### TASK DIRECTIONS
Exactly as they appear, retype the lines from the one containing "A stunning 20th" through the final line of the data below. Leave pictures out.

### MATERIAL FOR THIS TASK
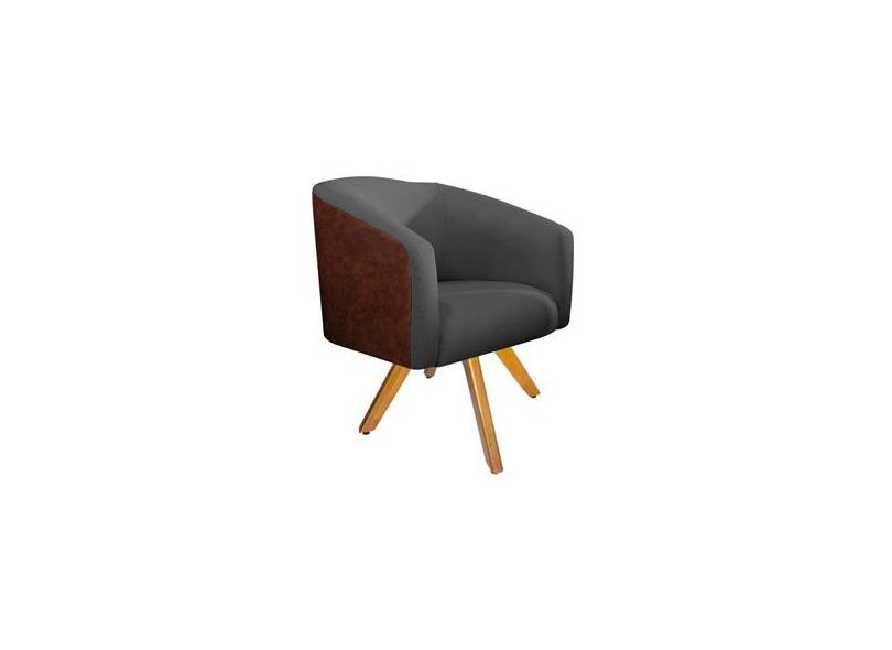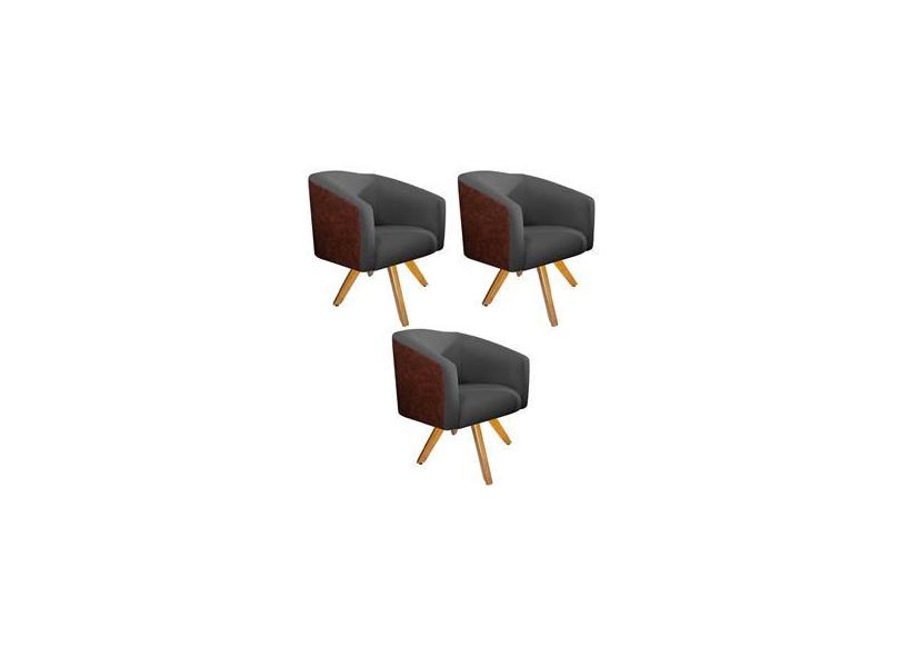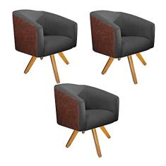 kit 03 Poltronas Luiza Base Giratória de Madeira Corano Nozes e Linho Chumbo - Amarena Móveis
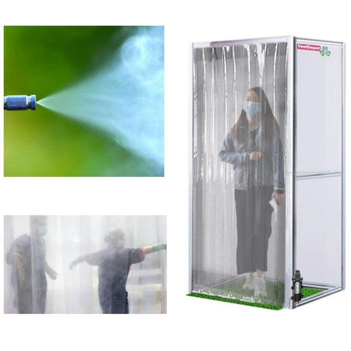 | En VentDepot, ya contamos con la Cabina de Desinfección, MistingSafe. Son Cabinas Diseñadas para una Desinfección Total de una persona, en todo el cuerpo ya sea por bacterias o virus en el medio ambiente que pueden resultar peligrosos para el ser humano. Ya que no solo están en las manos si no en las prendas que usamos día a día. Esto minimiza riesgos de contagio o enfermedades. Creadas en Acrílico o Policarbonato transparente, con estructura de aluminio. Son de Fácil Instalación sin necesidad de utilizar herramientas. Trabaja por medio de un Nebulizador de baja presión que es a base de mangueras Distribuidas en la parte superior inferior y laterales de la cabina por medio de boquillas. La entrada cuenta con Cortina Hawaiana para una densidad mayor de la Nebulización esto hace más efectiva la desinfección. Diseñada para el paso de 3 personas por minuto. Se requiere un Sanitizante Médico que no contiene ningún químico invasivo o peligroso, ya que es un desinfectante potenciado con esencias naturales con propiedades antivirales. El Kit Incluye señalamiento de uso de cubrebocas, tornillería de armado, alfombra, cinchos, sanitizante médico de 1L y soporte para nebulizador. La cabina viene desarmada lista para instalarse. Viene con nuestro sanitizante concentrado VirusCOP de 1 ó 2L, el cual tiene un rendimiento 1/ 20 es decir, (1L de Sanitizante es para 20 L y 2L para 40L de agua respectivamente incluye bidón de 20 o 40L para diluirlo con agua). Esta cabina requiere un depósito o toma directa de agua para trabajar. | |||
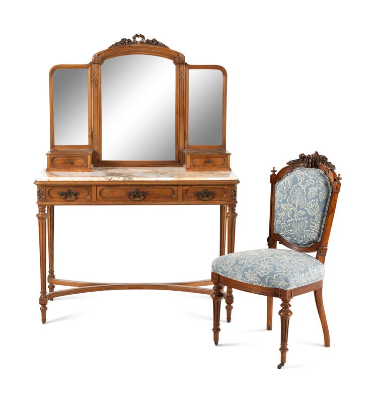 A Louis XVI Style Walnut Marble-Top Dressing Table
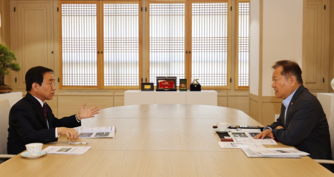 | ▲ 이상민 장관에게 현안 사업을 건의하는 김문근 군수 |
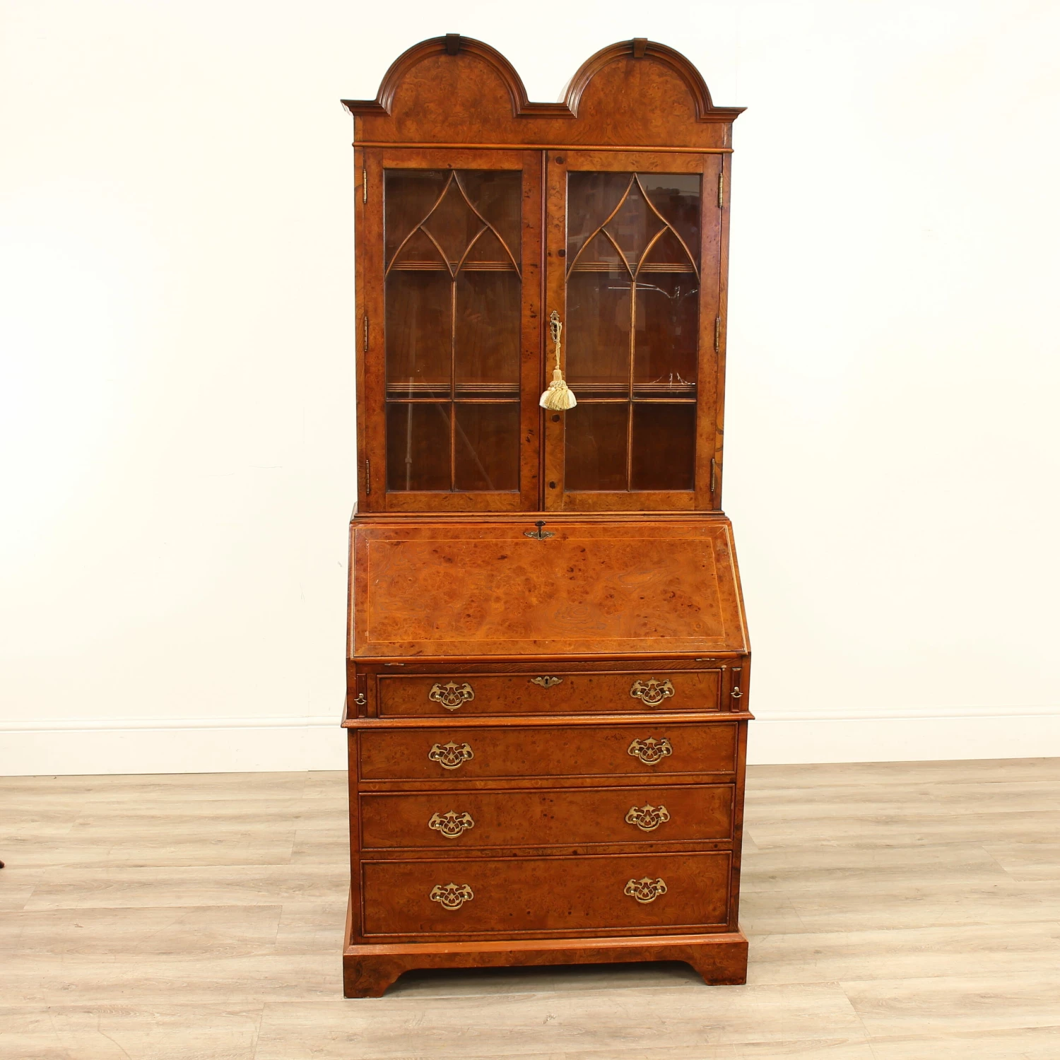 A stunning 20th Century Burr Walnut Bureau Bookcase.
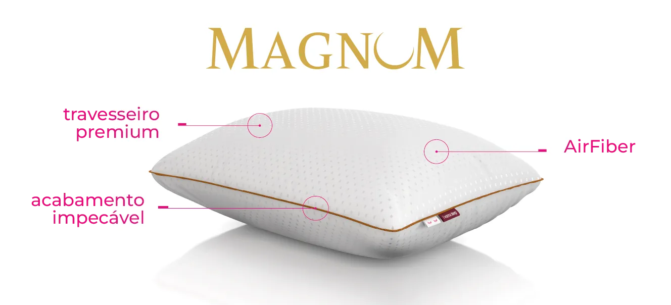 O conforto premium de hotéis de luxo diretamente na sua cama: o Travesseiro Magnum AirFiber tem a função de entregar o máximo de aconchego e suavidade.
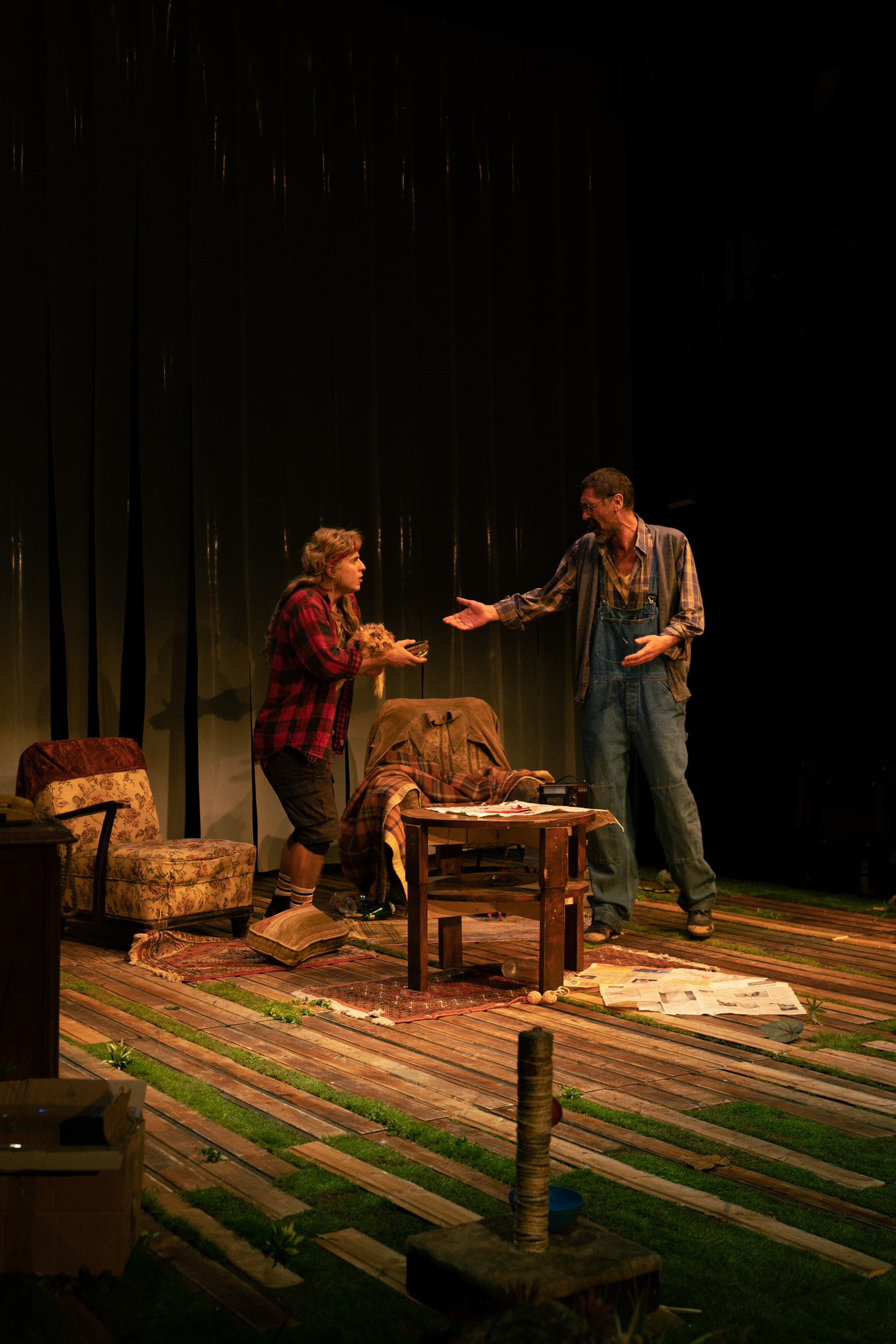 Furia lui oarbă se îndreaptă precis împotriva tatălui său Donny (un credibil vulnerabil Vitalie Bantaș, ce-și stăpânește cu umor personajul mucalit, disimulant, uneori fals speriat, alteori resemnat ori puternic și determinat, toate fără niciun fel de stridențe, undeva în limitele autocontrolului precis dobândit de-a lungul numeroaselor expuneri la violențele fiului), care s-a dovedit prea puțin responsabil de această dată, și un cunoscut al familiei, un foarte fragil emoțional Davey al lui Andrei Brădean (bun biciclist și dansator!), atent condus și el prin nuanțele infinitei naivități pe care o presupune personajul, suspectul principal al săvârșirii omorului pe care lipsa de vigilență a tatălui l-a făcut posibil.

### SOLUTION TO THE PROBLEM
 A stunning 20th Century Burr Walnut Bureau Bookcase.
 O conforto premium de hotéis de luxo diretamente na sua cama: o Travesseiro Magnum AirFiber tem a função de entregar o máximo de aconchego e suavidade.
 Furia lui oarbă se îndreaptă precis împotriva tatălui său Donny (un credibil vulnerabil Vitalie Bantaș, ce-și stăpânește cu umor personajul mucalit, disimulant, uneori fals speriat, alteori resemnat ori puternic și determinat, toate fără niciun fel de stridențe, undeva în limitele autocontrolului precis dobândit de-a lungul numeroaselor expuneri la violențele fiului), care s-a dovedit prea puțin responsabil de această dată, și un cunoscut al familiei, un foarte fragil emoțional Davey al lui Andrei Brădean (bun biciclist și dansator!), atent condus și el prin nuanțele infinitei naivități pe care o presupune personajul, suspectul principal al săvârșirii omorului pe care lipsa de vigilență a tatălui l-a făcut posibil.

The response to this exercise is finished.